= Charles L. Dufour =

American journalist

Charles L. "Pie" Dufour (1903–1996) was an American newspaper journalist, historian, humorist, and book author from New Orleans, Louisiana who served as a columnist for the New Orleans States-Item newspaper. He wrote approximately 9700 installments of his column "Pie Dufour's A La Mode" for the States-Item and for the Sunday edition of the New Orleans Times-Picayune during his newspaper tenure, from 1949 until his retirement in 1978. He authored 20 books and approximately 50 articles for scholarly literature. Dufour's column covered diverse topics including Louisiana history, New Orleans Mardi Gras, law, local sports, classical music, New Orleans cuisine, and European travel.

Dufour lived his entire life in New Orleans, except to serve in the US Army in World War II in a non-journalistic role. He attended Jesuit High School. He enrolled at Tulane University for college in 1921, although he commenced his career with newspapers before completing his degree.
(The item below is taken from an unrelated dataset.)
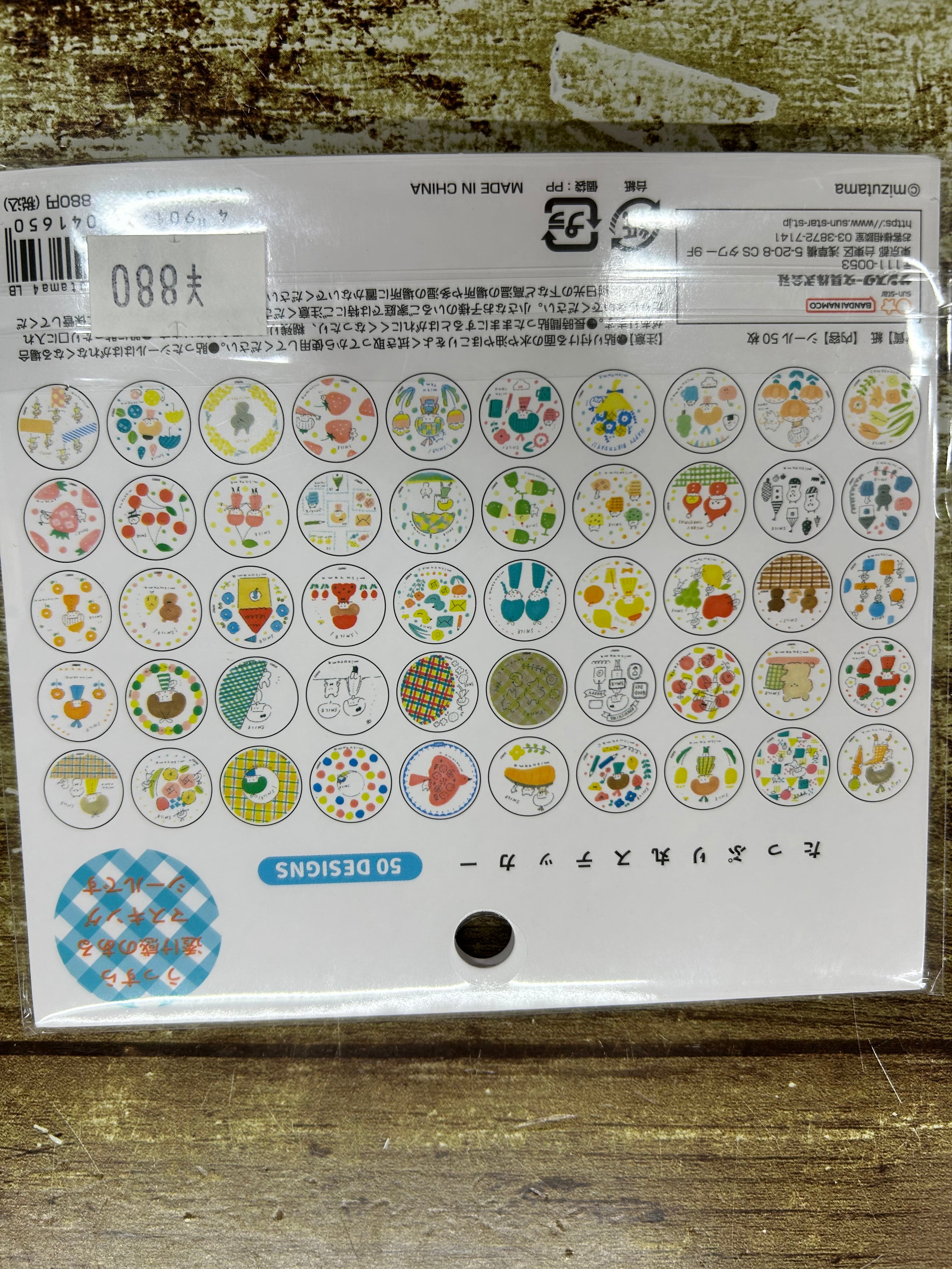 mizutama さんのイラストが50柄各1枚入りの丸ステッカーです。

He ultimately completed his college degree in 1953. Dufour was awarded an honorary doctorate of humane letters by Tulane University in 1978, after retiring as a newspaper columnist.
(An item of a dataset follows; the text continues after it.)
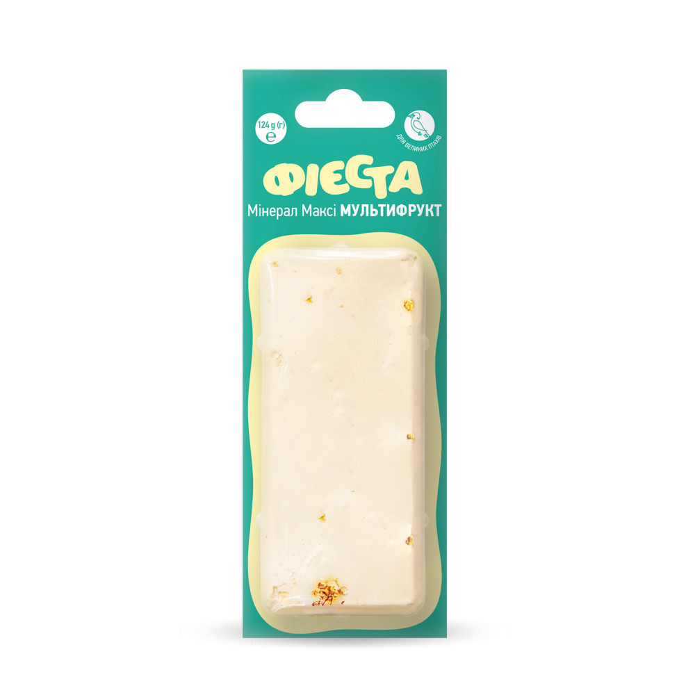 Мінерал «Мультифрукт» виготовлений на основі пресованого карбонату і сульфату кальцію з додаванням сухих ягід і фруктів. Розроблено як щоденна добавка до раціону великих папуг.Мінерали мають велике значення в процесі травлення птахів: їжа перетирається в м’язовому шлунку за допомогою абразивних матеріалів (гастролітів). Таким чином забезпечується якісна підготовка корму, полегшується травлення і засвоєння компонентів корму. Але в міру травлення виводяться гастроліти і потрібно їх щоденне поповнення, наприклад, мінералом.Крім того, важливий аспект вживання мінералу – постійне зростання тканин дзьоба, що вимагає постійного сточування і чищення. Важливо достатню кількість мінералів і для формування кісток, пера, яєць. Додавання сушених ягід і фруктів стимулює птаха до поїдання мінералу і служить джерелом пектину та інших вуглеводів, а сам процес подрібнення мінералу і вилучення ягід стає цікавим корисним заняттям для птаха.Склад: кальцію сульфат, кальцію карбонат, сушені фрукти і ягоди.Рекомендації.Додавати до щоденного раціону. В поїлці завжди повинна бути свіжа вода.Умовизберігання.У сухому приміщенні при температурі від 0 до 30 °С та відносній вологості не більше 75%.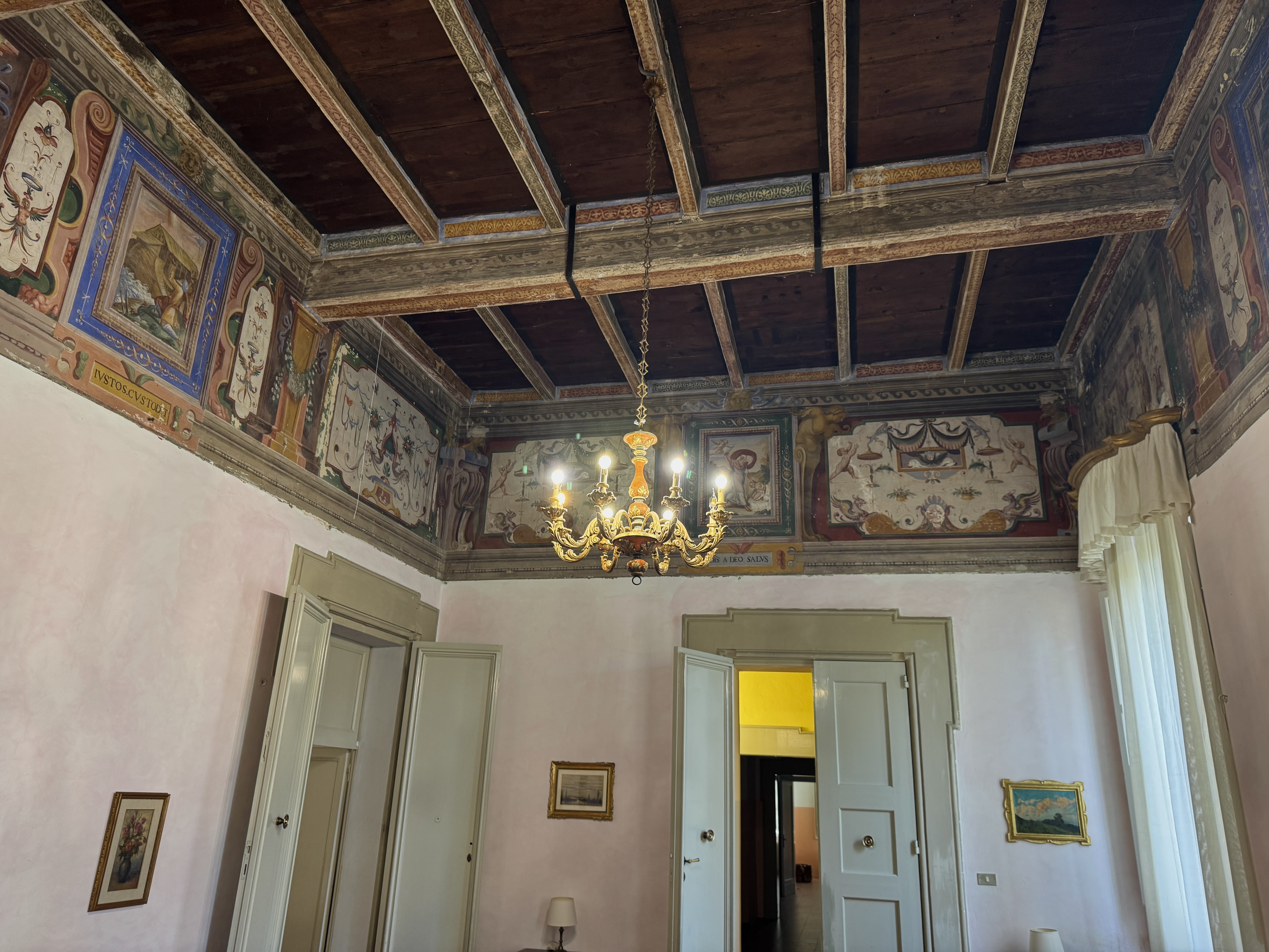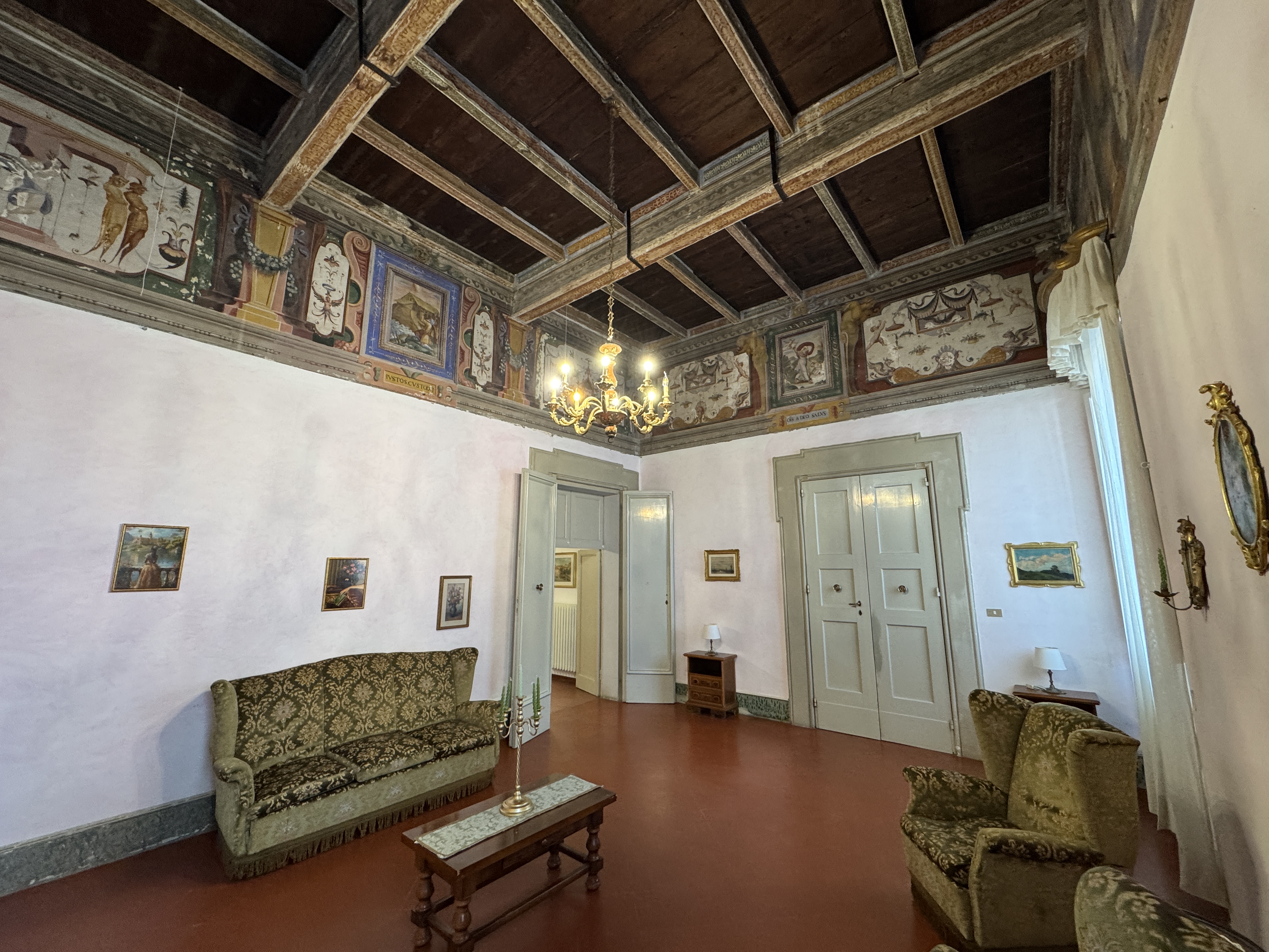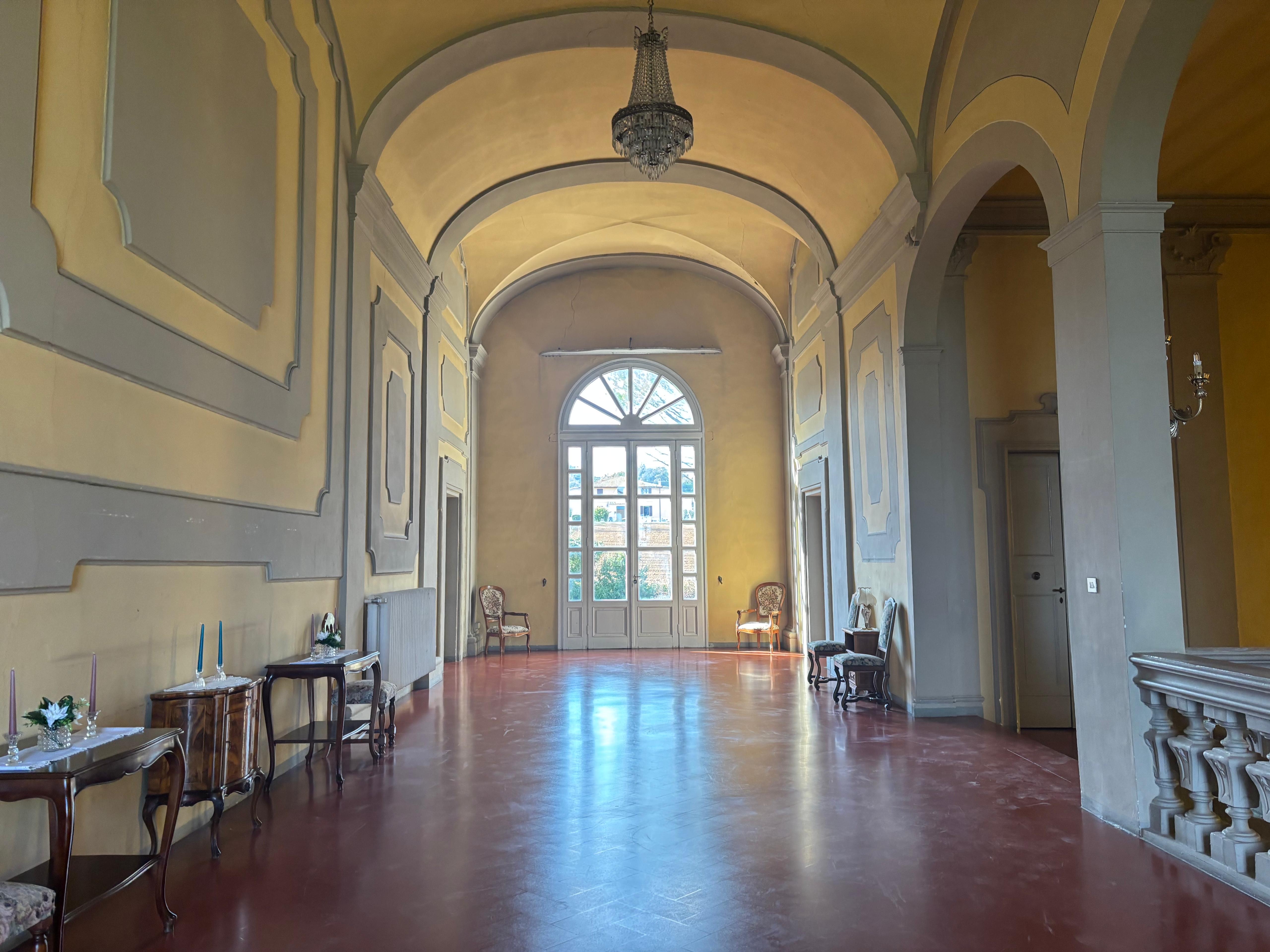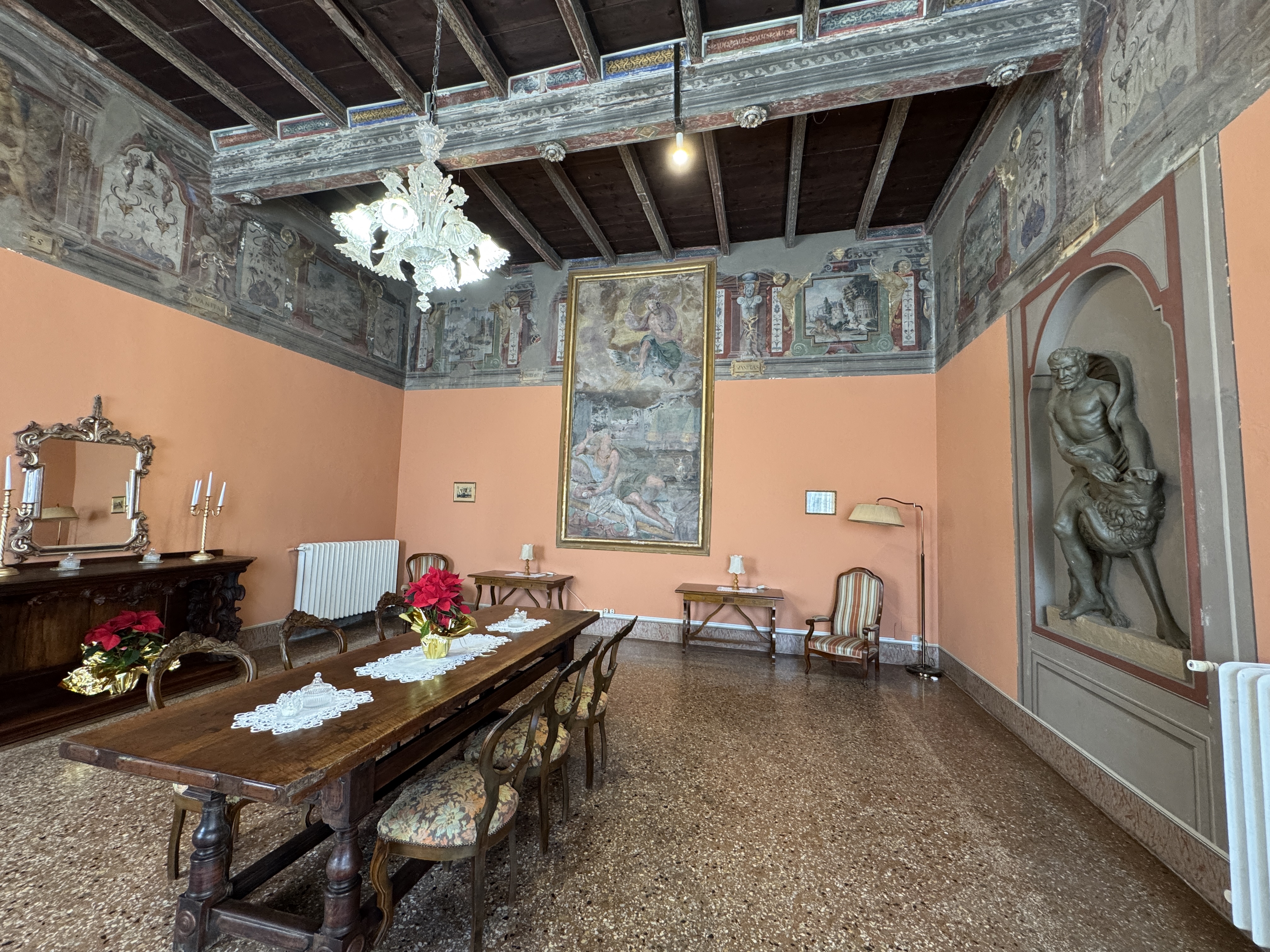 GLI INTERNI CONSERVANO AFFRESCHI, STUCCHI E APPARATI DECORATIVI ORIGINALI DI NOTEVOLE PREGIO. DI PARTICOLARE RILIEVO LA PRESENZA DI UNA CAPPELLA PRIVATA, IMPREZIOSITA DA UN DIPINTO MURALE ATTRIBUITO A CALVAERT, CHE CONFERISCE ALL’AMBIENTE UN’ATMOSFERA INTIMA E SOLENNE.

Together with fellow local historian John Churchill Chase, he taught a course on New Orleans history at Tulane University for 25 years. Dufour referred to this course as "New Orleans on the Half Shell" as an acknowledgement of its emphasis on food and culture. Dufour was a member of the gourmet group in New Orleans called "La Societe des Escargots Orleanais".
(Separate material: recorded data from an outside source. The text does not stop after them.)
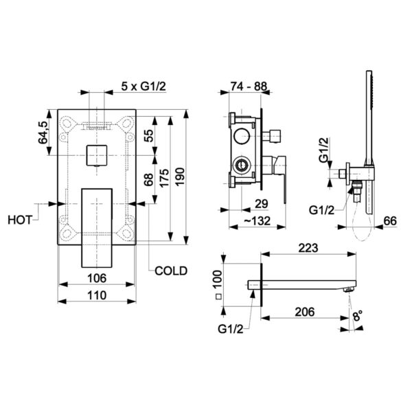 Комплектация | Смеситель скрытого монтажа, Держатель для ручного душа, Душевой шланг, Ручная лейка |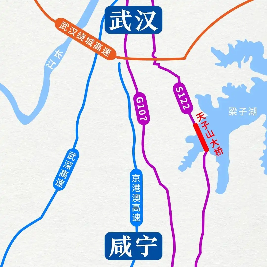 天子山大桥建成后,将S122公路两岸连接,梁子湖南北两岸居民通行时间将由原本绕行1个小时,缩短至2分钟直达。同时咸宁至武汉车程也将缩短至1小时左右。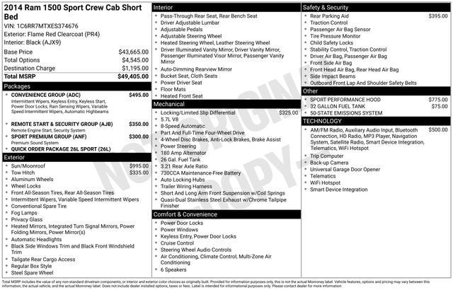 2014 Ram 1500 Sport 4WD 8-Speed Automatic HEMI 5.7L V8 Multi Displacement VVT Flame Red Clearcoat

A 1967 article in The New York Times characterized Dufour as a columnist and historian "who has devoted most of his professional life to the idea that history is news".

== Selected works ==
- Charles L. Dufour, John Chase, Walter G. Cowan, Osborne K. Leblanc, John Wilds. New Orleans, Yesterday and Today: A Guide to the City ISBN 978-0807127438
- Charles L. Dufour, The Night the War was Lost, University of Nebraska Press, 1994, ISBN 978-0-8032-6599-8.
- Charles L. Dufour, The Mexican War: A Compact History 1846 – 1848, Hawthorne Publishers, 1968.
- Charles L. Dufour, Gentle Tiger: The Gallant Life of Roberdeau Wheat, Louisiana State University Press, 1999, ISBN 0807123919.
- Charles L. Dufour, Ten Flags in the Wind: The Story of Louisiana. Harper & Row Publishers, 1967.